Artist Statement
My work often looks at how we speak publicly about our private experiences. Whether that be through how we present ourselves, or how we see ourselves represented by or excluded from the mainstream. I use culturally and historically significant materials including hair, jewelry, found footage, and text to do so. Woven into my work are my interests in adornment, stereotypes, and personal/public narratives.
Sam Fresquez responds to issues of vulnerability and resilience through the lens of gender, examining the rigid and hyper-masculine culture surrounding NASCAR through performance and sculptural installation such as intricately beaded racing flags and fire suits. These fire suits—sturdy, thick, and rigid—are employed by drivers for protection. The racing suits are displayed hung on the wall “until the next race”, and are scaled to fit the artist yet represent the fictional “first Latina NASCAR driver.” The colored glass beads have been methodically placed to create familiar patterns such as flames or surprising slogans like “YASCAR”—drawn from a corporate branding campaign by NASCAR to celebrate Pride Month. The beaded artworks are at once strong and fragile, functional and decorative. Fresquez’s works challenge the rigidity of such binaries and asks the viewer to imagine new societal arrangements that might structure our lives.
(Excerpt from CALA Alliance Press Release, 2022, Alana Hernandez)
Sam Fresquez also collaborates with Merryn Omotayo Alaka to produce immersive spaces that reference rituals of self expression and public representation. Fresquez and Omotayo Alaka construct their intriguing worlds from personal experience: the installation series titled It’s Mine I Bought It, a nod to the Princess Nokia song Mine, both revels in the ways that Black and Brown women wear their hair and rejects the incessant interrogation of these traditions. Fresquez and Omotayo Alaka both acknowledge as formative in their own lives the elaborate rituals of hairdressing, the use of synthetic hair as a facet of self-expression, and the fact that society imposes strict expectations upon the hair and appearance of Black and Brown women in public spaces.

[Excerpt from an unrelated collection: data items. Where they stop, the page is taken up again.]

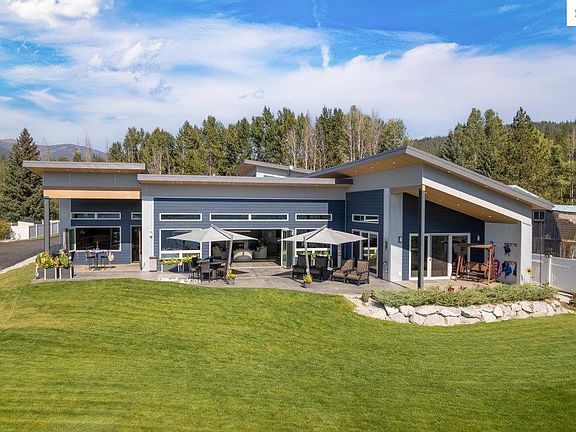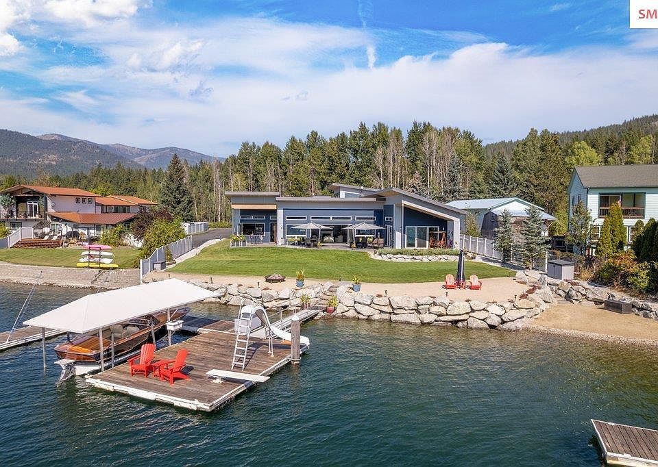 This nearly new 4,534 SF custom waterfront estate on the Pend Oreille River boasts approx. 120’ of stunning riverfront and is a true showcase of modern luxury. A dramatic 5’ mahogany door welcomes you into soaring ceilings, walls of glass, and open-concept living. The Great Room features a bonfire-style fireplace and flows into the dining area and outdoor patio through Custom Panorama doors. A chef’s kitchen offers pro-grade appliances, a large island with a glass eating bar, and a pass-through to the patio. The main-level Primary Suite includes private patio access and spa-style finishes. Upstairs features a spacious rec room and 3 bedrooms. Enjoy two private beaches, a manicured lawn, and a large dock with a slide and diving board. Oversized heated garage, whole-house generator, and RV parking add year-round comfort. Located near Sandpoint, Schweitzer, and Lake Pend Oreille—this rare estate blends elegance, recreation, and North Idaho beauty.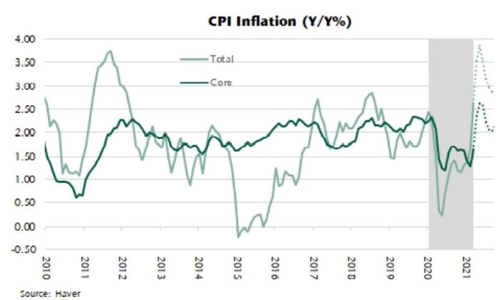 קיימת ציפייה להמשך האצה באינפלציית הליבה בחודשים הקרובים לקצב של 2.6% בחודש מאי (וסך הכול האינפלציה ל- 3.8%). מדובר בהשפעת ה- base effect, ההשוואה מול מדדים מאד נמוכים (שליליים) בחודשים אפריל-מאי 2020 בשיא משבר הקורונה. יחד עם זאת, קצב האינפלציה השנתי צפוי להתמתן בחזרה בחודשים יולי-אוגוסט (תחזית בית השקעות Jefferies).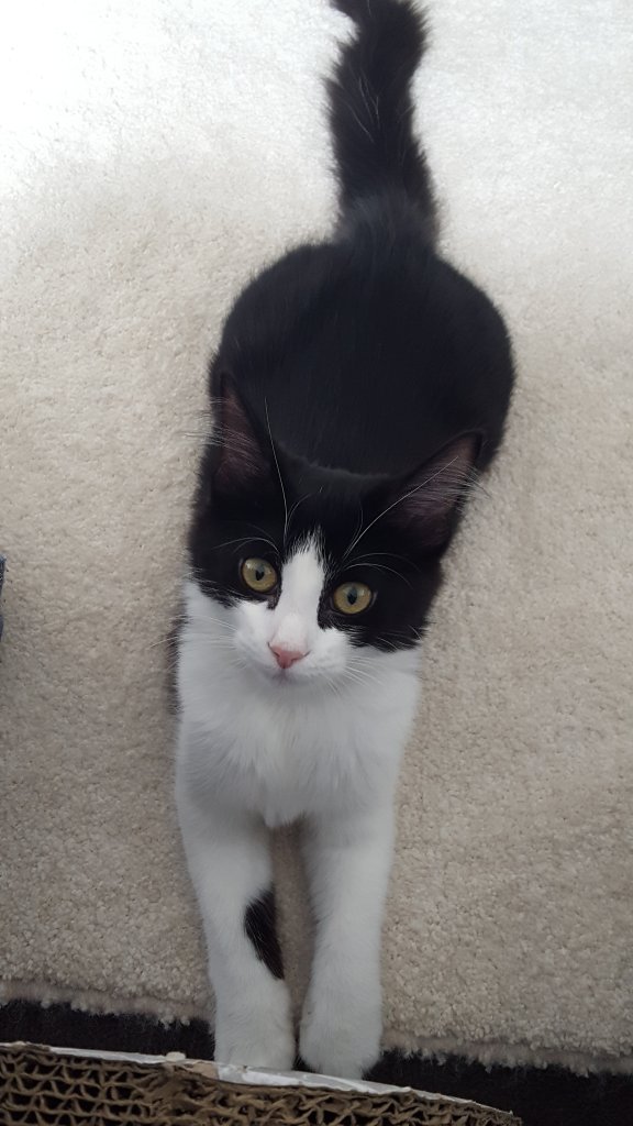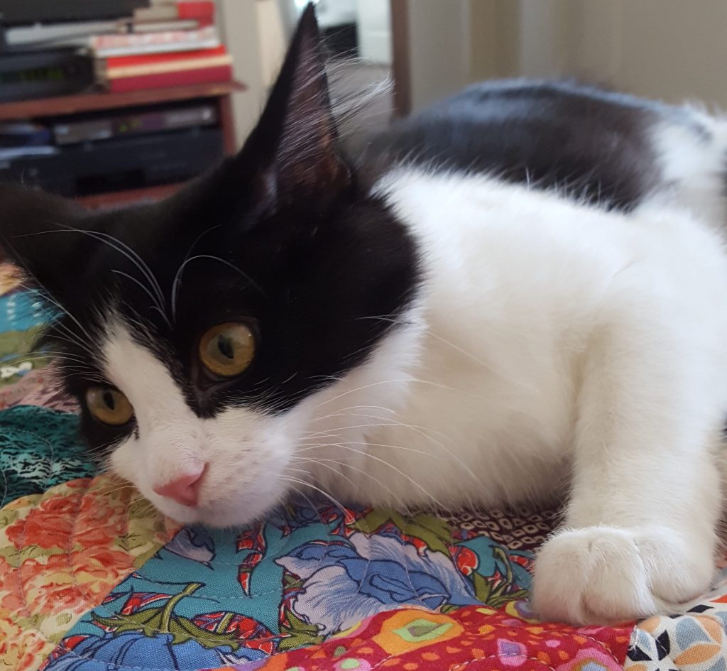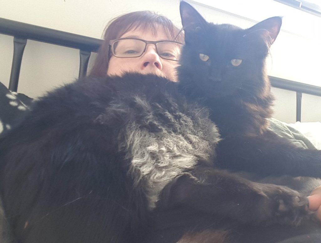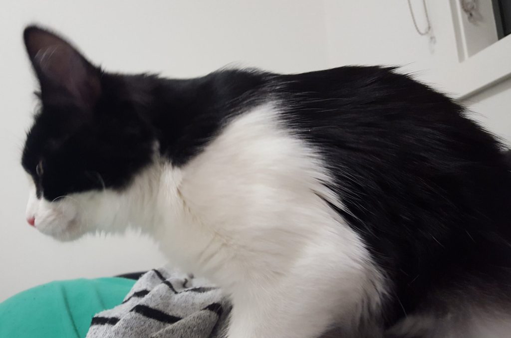 She shouldn’t have been this scared but humans let her down. As they let down countless animals they take on, or refuse to take responsibility for, as pets. After the second week, her brother joined her and she was safe to stay in the spare (now dubbed kitten) room with him. After two months of daily cuddles and other interactions, as well as good food and fun, they were both at normal weight. Molly learned to rub her head against me, and began to sit on my lap for cuddles after breakfast, if she could get to it before her brother Dusty.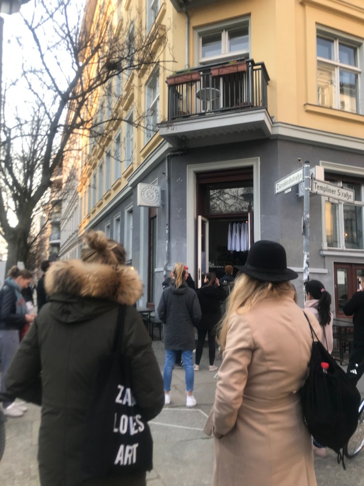 I picked up some rotisserie chicken and grape leaves for dinner from the Rosenthaler Grill and picked up some bread from Zeit für Brot. Sarah demonstrated how to stand 1.5 meters back from the next customer using the tape on the floor as a guideline.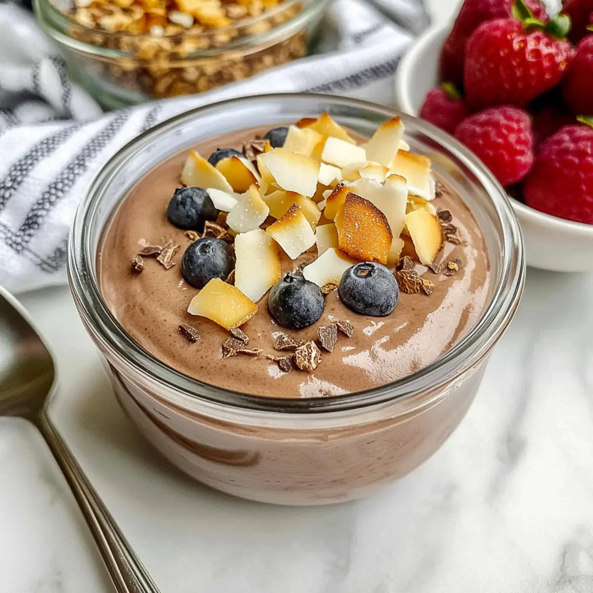 Fresh Berries: Strawberries or blueberries add a splash of color and a burst of natural sweetness that enhance the mocha flavor beautifully.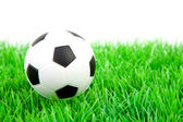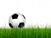 Wysokiej rozdzielczości zielony, 3d świeży i naturalny pojęciowy trawa na białym tle na białym tle z piłki nożnej w horizon idealne dla klubu, sport, rekreacja, konkurencji, zabawy i futbolu wzory
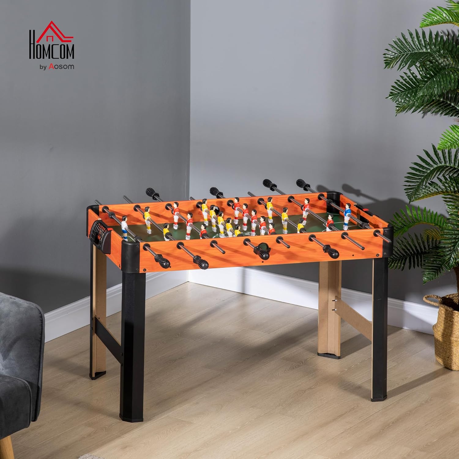 Massimo divertimento: vivi indimenticabili momenti di divertimento con la famiglia e gli amici con questo set da calcio balilla per 10 giocatori e 1 portiere per squadra. Migliora anche la concentrazione e le reazioni rapide della mano e del cervello. Contatore di punteggio integrato: con il contatore di punteggio integrato nel calciobalilla puoi facilmente tenere traccia dei tuoi successi e delle sconfitte dei tuoi avversari. Goditi il divertimento senza preoccuparti del punteggio e magari si presenteranno anche emozionanti opportunità di scommessa. Struttura stabile: questo tavolo da biliardino è realizzato in MDF, che non è facile da deformare e ha un'elevata resistenza e durata, garantendo una lunga durata. Le aste in metallo robuste e durevoli sono progettate per resistere al gioco intenso. Divertimento per tutte le età: con un'altezza di 69 cm questo biliardino è ideale per gli adolescenti. Il suo design compatto lo rende perfetto per piccoli spazi come appartamenti o sale giochi. Maniglie antiscivolo: le maniglie del biliardino offrono un migliore controllo durante il gioco grazie alla loro superficie antiscivolo, comoda e sicura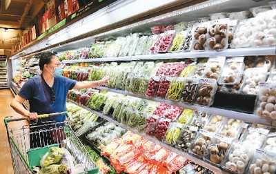 圖為7月9日,消費(fèi)者在江蘇省連云港市連云區(qū)海棠路一家超市購(gòu)物。

In considering their installation of multiple floor-length suspensions of synthetic hair, each meticulously gathered into tassel, bubble, and chandelier forms, Omotayo Alaka says, “Because of the scale and material, we are hoping that viewers have a physical relationship with the sculptures…we want the feminine body to be represented and seen here.” These representative objects tend to transform a space, says Fresquez, “They become a landscape, and it really becomes its own world.”